Express Scripts spokeswoman Maria Palumbo told Dow Jones Newswires that the person who illegally obtained member records recently sent a data file to a law firm, which forwarded it to the FBI. Palumbo wouldn’t identify the law firm, other than to say it was one that had filed a lawsuit against the company.
As it has in the past, Express Scripts made a statement that it is “unaware at this time of any actual misuse of members’ information, but we understand the concern that this situation has caused our members.”
That statement strikes me as somewhat preposterous because the company is already aware of actual misuse of the information — the extortion demand itself represents actual misuse of the information, in my opinion.
This report was crossposted from PHIprivacy.net
Update: Robert McMillan of IDG News Service also reports on the latest developments in this breach, and notes that:
In May, Washington, D.C., law firm Finkelstein Thompson brought a class-action suit against Express Scripts on behalf of members whose data was stolen. Attorneys at the firm did not return messages seeking comment for this story.

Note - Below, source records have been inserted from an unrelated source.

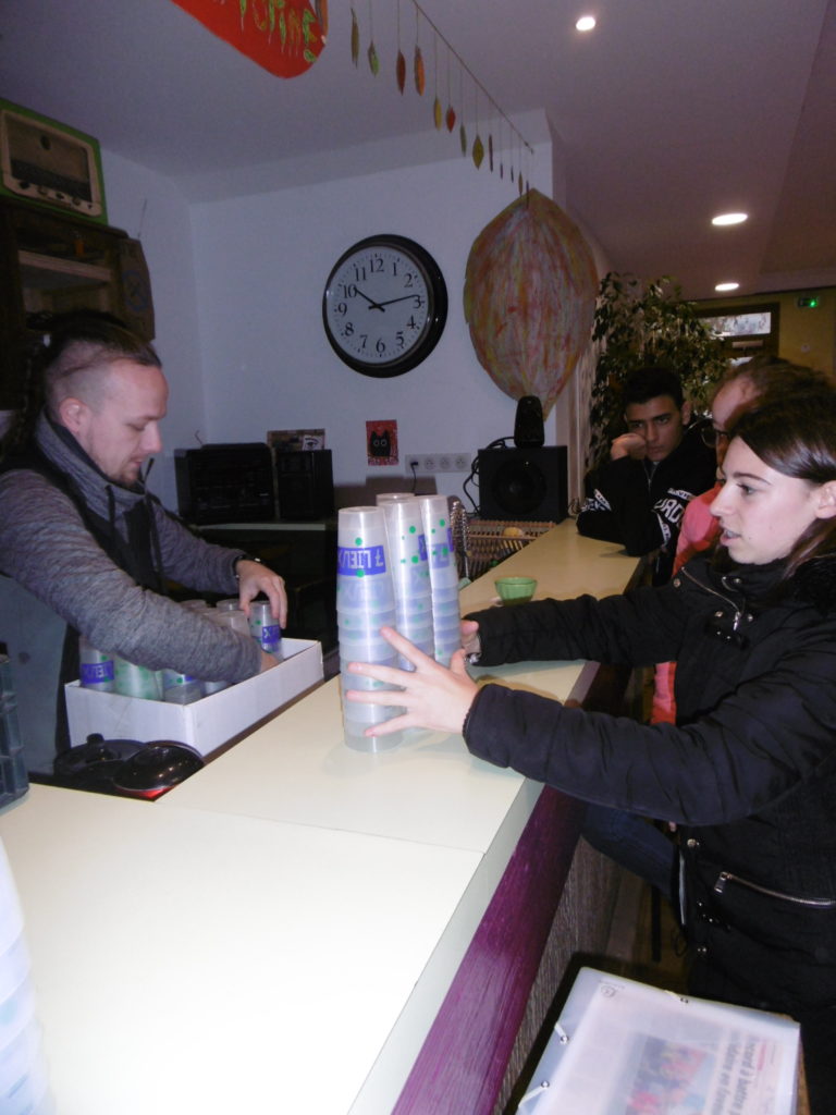 Il nous a prêté les écocups du centre social pour la soupe coopérative.
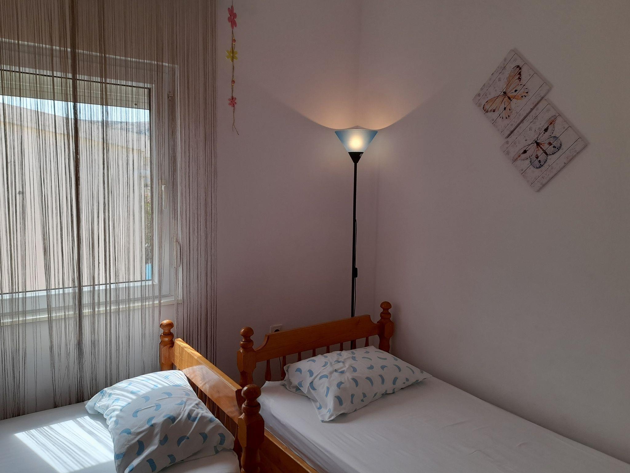 Ferienwohnung bietet Platz für 4 Gäste. Die Betten sind in Schlafzimmern, die es 2 gibt, innerhalb einer Gesamtfläche von 34m2, angeordnet. Die Gäste haben eine eigene Terrasse zur Verfügung, auf der sie in warmen Sommernächten genießen können. Das Apartment bietet Meerblick. Es ist erlaubt, Speisen auf dem Gemeinschafts-Grill vorzubereiten. IM PREIS INBEGRIFFEN: Kurtaxe, Endreinigung, Klimatisierung, Parkplatz, Internet, Kinderbett, Bügeleisen, Bügelbrett, Föhn. VERBINDLICHE ZUSÄTZLICHE KOSTEN: Aufzahlung für Kurzaufenthalte (prozentualer Zuschlag pro Nächtigungsanzahl: 30% - 1, 20% - 2, 10% - 3). Die Verfügbarkeit zusätzlicher Dienstleistungen in Ihrem reservierten Termin und die Preise derselben (falls nicht aufgeführt) müssen im Voraus überprüft werden. Zusätzliche Dienstleistungen die in der Zahlungsaufforderung nicht aufgeführt sind werden direkt beim Vermieter bezahlt, angenommen der Gast nutzt auch diese. Ermäßigung auf den Grundpreis: Gratistag 28=25 (bei einem Aufenthalt von 28 oder mehr Tagen erhalten Sie 3 kostenlose Tage für den Aufenthalt bis 31.12.26).
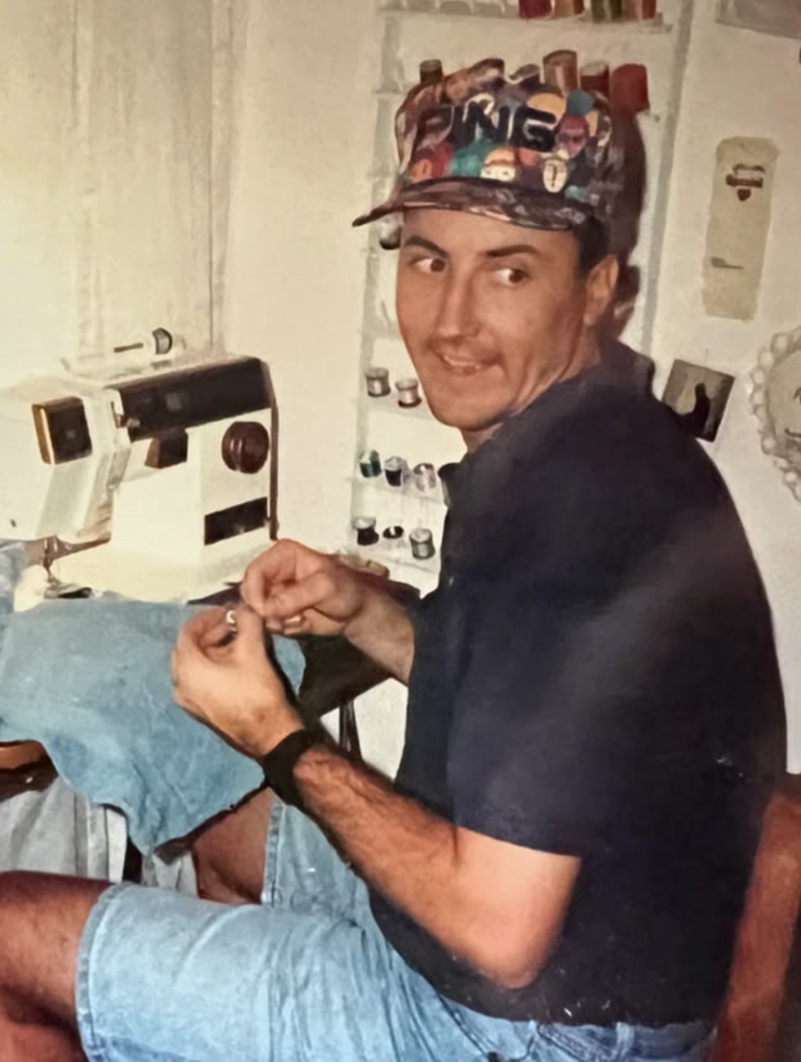 Photo of my dad in the pink room using my grandmother’s sewing machine.
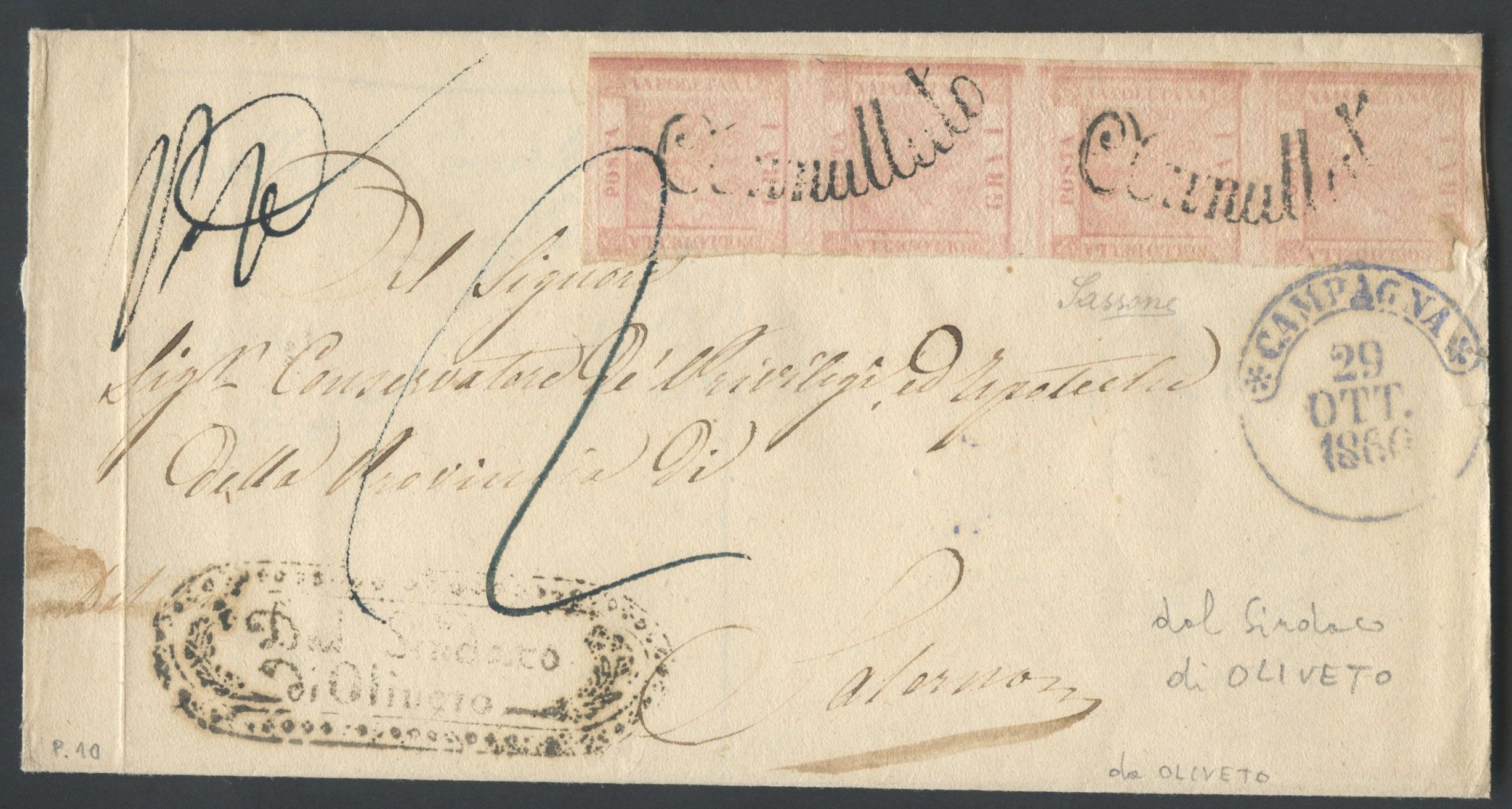 29.10.1860 - Lettera da Campagna per Palermo affrancata per 4 grana tramite una striscia di quattro del 1gr. rosa chiaro n.4. Sull'affrancatura lo svolazzo tipo 14 (10pt.) (B) (Sassone)
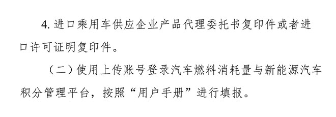 乘用车企业应当按照工业和信息化部的要求(见附件1),报送其生产、进口的乘用车燃料消耗量和新能源乘用车相关数据;通过汽车燃料消耗量与新能源汽车积分管理平台,开展积分转让或者交易。

The report also includes statements I made to the reporter about this breach.
Update 2: Dina Wisenberg Brin has updated her story to include a few more details. Express Scripts indicates that most of the 700,000 notifications are due to the recently revealed data as only a few hundred members were notified last year. Additionally, the company notes that the data appear to be consistent with how their data looked in 2006.